- Task description: A verbatim copy of the records is required, with all pictures left out.

- Data excerpts:
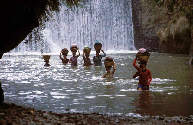 Women carry gravel from the river to be taken to a construction site in Indonesia. Credit © Maillard J. /ILO
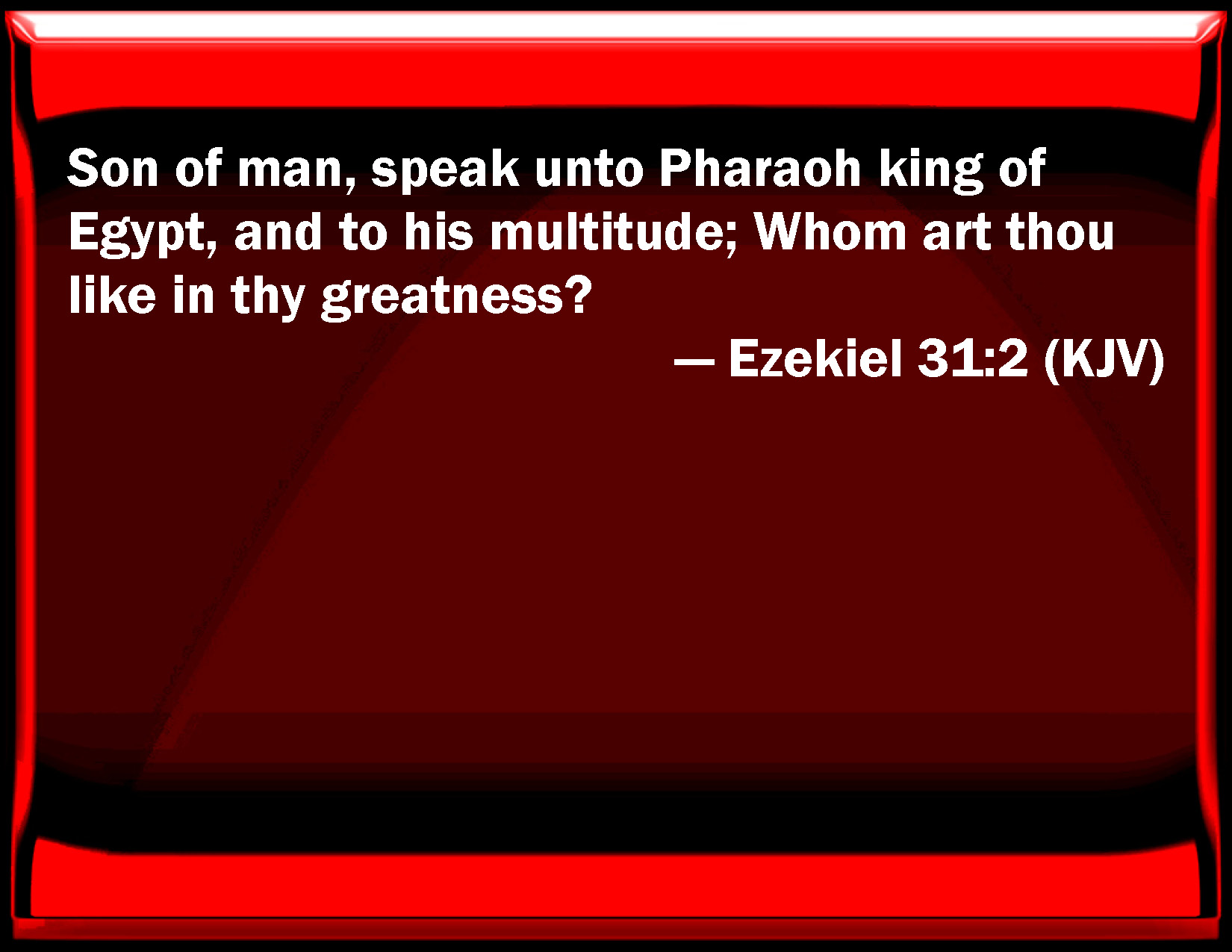 Bible Verse Slide Ezekiel 31:2 Son of man, speak to Pharaoh king of Egypt, and to his multitude; Whom are you like in your greatness? KJV: Son of man, speak unto Pharaoh king of Egypt, and to his multitude; Whom art thou like in thy greatness? DRB: Son of man, speak to Pharao king of Egypt, and to his people: To whom art thou like in thy greatness? DBT: Son of man, say unto Pharaoh king of Egypt, and to his multitude: Whom art thou like in thy greatness? ERV: Son of man, say unto Pharaoh king of Egypt, and to his multitude; Whom art thou like in thy greatness? WBT: Son of man, speak to Pharaoh king of Egypt, and to his multitude; Whom art thou like in thy greatness? WEB: Son of man, tell Pharaoh king of Egypt, and to his multitude: Whom are you like in your greatness? YLT: 'Son of man, say unto Pharaoh king of Egypt, and unto his multitude: To whom hast thou been like in thy greatness?Links Ezekiel 31:2 NIV • Ezekiel 31:2 NLT • Ezekiel 31:2 ESV • Ezekiel 31:2 NASB • Ezekiel 31:2 KJV • Ezekiel 31:2 Interlinear • Ezekiel 31:2 Commentaries • Ezekiel 31:2 Parallel Texts • Ezekiel 31:2 Bible Apps • Ezekiel 31:2 Parallel • Bible Hub |
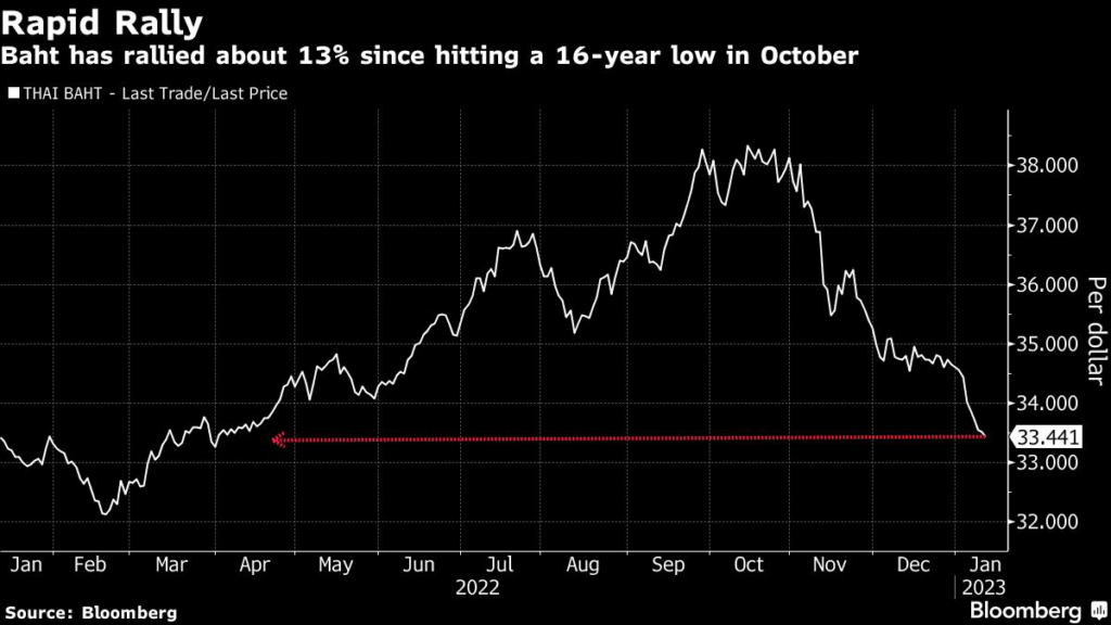 The baht has gained 13% against the US dollar since hitting a 16-year low in October.
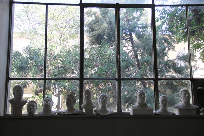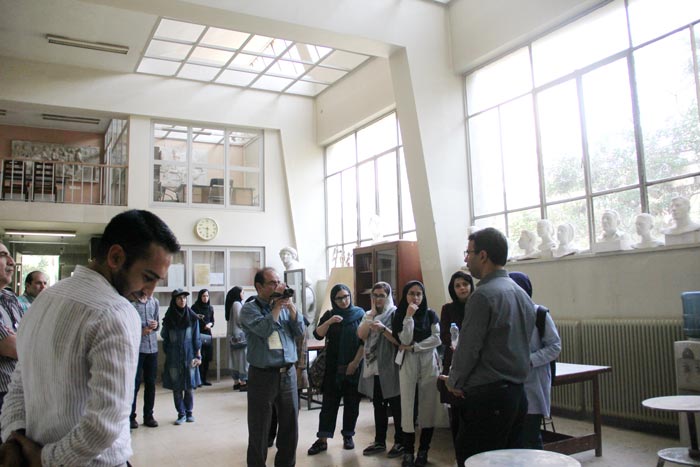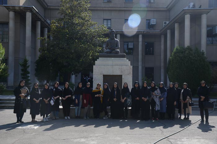عکس یادگاری دانش آموزان منطقه مشیریه تهران در مقابل مجسمه فردوسی در ورودی دانشکده ادبیات
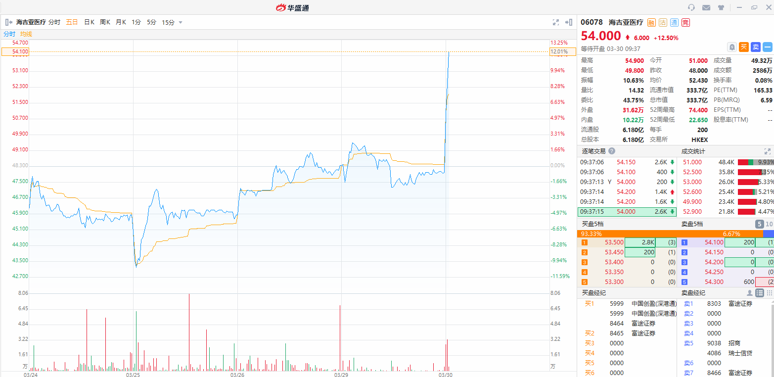 华盛资讯3月30日消息,海吉亚医疗今日高开高走。截至发稿,海吉亚医疗涨12.5%,现报54.00港元,成交额达2586万港元,当前市值为333.7亿港元。
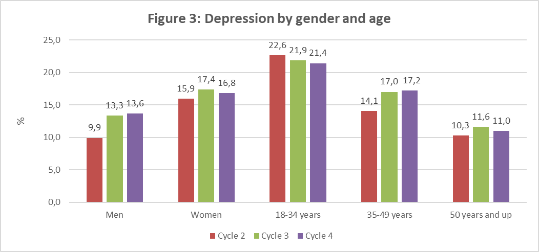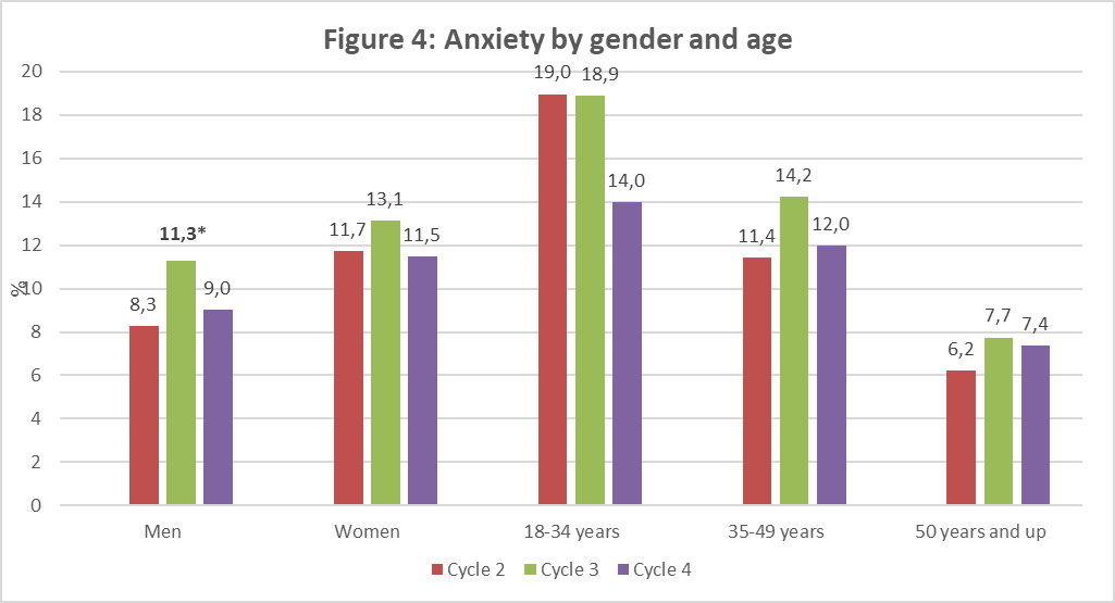 - Anxiety increased in cycle 3 among men, but in cycle 4, it returned to the level observed for cycle 1;
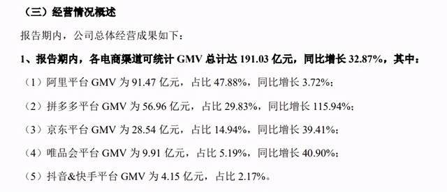 南极电商还披露了电商行业的一个重要数据GMV(总成交额),当期公司在各电商渠道可统计的GMV达191.03亿元,同比增长32.87%,其中阿里GMV91.47亿,同比47.88%,拼多多平台GMV为56.96亿元,占比29.83%,同比增长115.94%;新增的抖音&快手平台GMV为4.15亿元,占比2.17%。
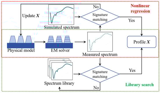 Workflow for solving inverse problems in optical metrology: red box (nonlinear regression using iterative optimization); green box (library search with pre-computed spectra); arrows indicate parameter adjustment and matching steps [].

- Finished task:
 Women carry gravel from the river to be taken to a construction site in Indonesia. Credit © Maillard J. /ILO
 Bible Verse Slide Ezekiel 31:2 Son of man, speak to Pharaoh king of Egypt, and to his multitude; Whom are you like in your greatness? KJV: Son of man, speak unto Pharaoh king of Egypt, and to his multitude; Whom art thou like in thy greatness? DRB: Son of man, speak to Pharao king of Egypt, and to his people: To whom art thou like in thy greatness? DBT: Son of man, say unto Pharaoh king of Egypt, and to his multitude: Whom art thou like in thy greatness? ERV: Son of man, say unto Pharaoh king of Egypt, and to his multitude; Whom art thou like in thy greatness? WBT: Son of man, speak to Pharaoh king of Egypt, and to his multitude; Whom art thou like in thy greatness? WEB: Son of man, tell Pharaoh king of Egypt, and to his multitude: Whom are you like in your greatness? YLT: 'Son of man, say unto Pharaoh king of Egypt, and unto his multitude: To whom hast thou been like in thy greatness?Links Ezekiel 31:2 NIV • Ezekiel 31:2 NLT • Ezekiel 31:2 ESV • Ezekiel 31:2 NASB • Ezekiel 31:2 KJV • Ezekiel 31:2 Interlinear • Ezekiel 31:2 Commentaries • Ezekiel 31:2 Parallel Texts • Ezekiel 31:2 Bible Apps • Ezekiel 31:2 Parallel • Bible Hub |
 The baht has gained 13% against the US dollar since hitting a 16-year low in October.
عکس یادگاری دانش آموزان منطقه مشیریه تهران در مقابل مجسمه فردوسی در ورودی دانشکده ادبیات
 华盛资讯3月30日消息,海吉亚医疗今日高开高走。截至发稿,海吉亚医疗涨12.5%,现报54.00港元,成交额达2586万港元,当前市值为333.7亿港元。
 - Anxiety increased in cycle 3 among men, but in cycle 4, it returned to the level observed for cycle 1;
 南极电商还披露了电商行业的一个重要数据GMV(总成交额),当期公司在各电商渠道可统计的GMV达191.03亿元,同比增长32.87%,其中阿里GMV91.47亿,同比47.88%,拼多多平台GMV为56.96亿元,占比29.83%,同比增长115.94%;新增的抖音&快手平台GMV为4.15亿元,占比2.17%。
 Workflow for solving inverse problems in optical metrology: red box (nonlinear regression using iterative optimization); green box (library search with pre-computed spectra); arrows indicate parameter adjustment and matching steps [].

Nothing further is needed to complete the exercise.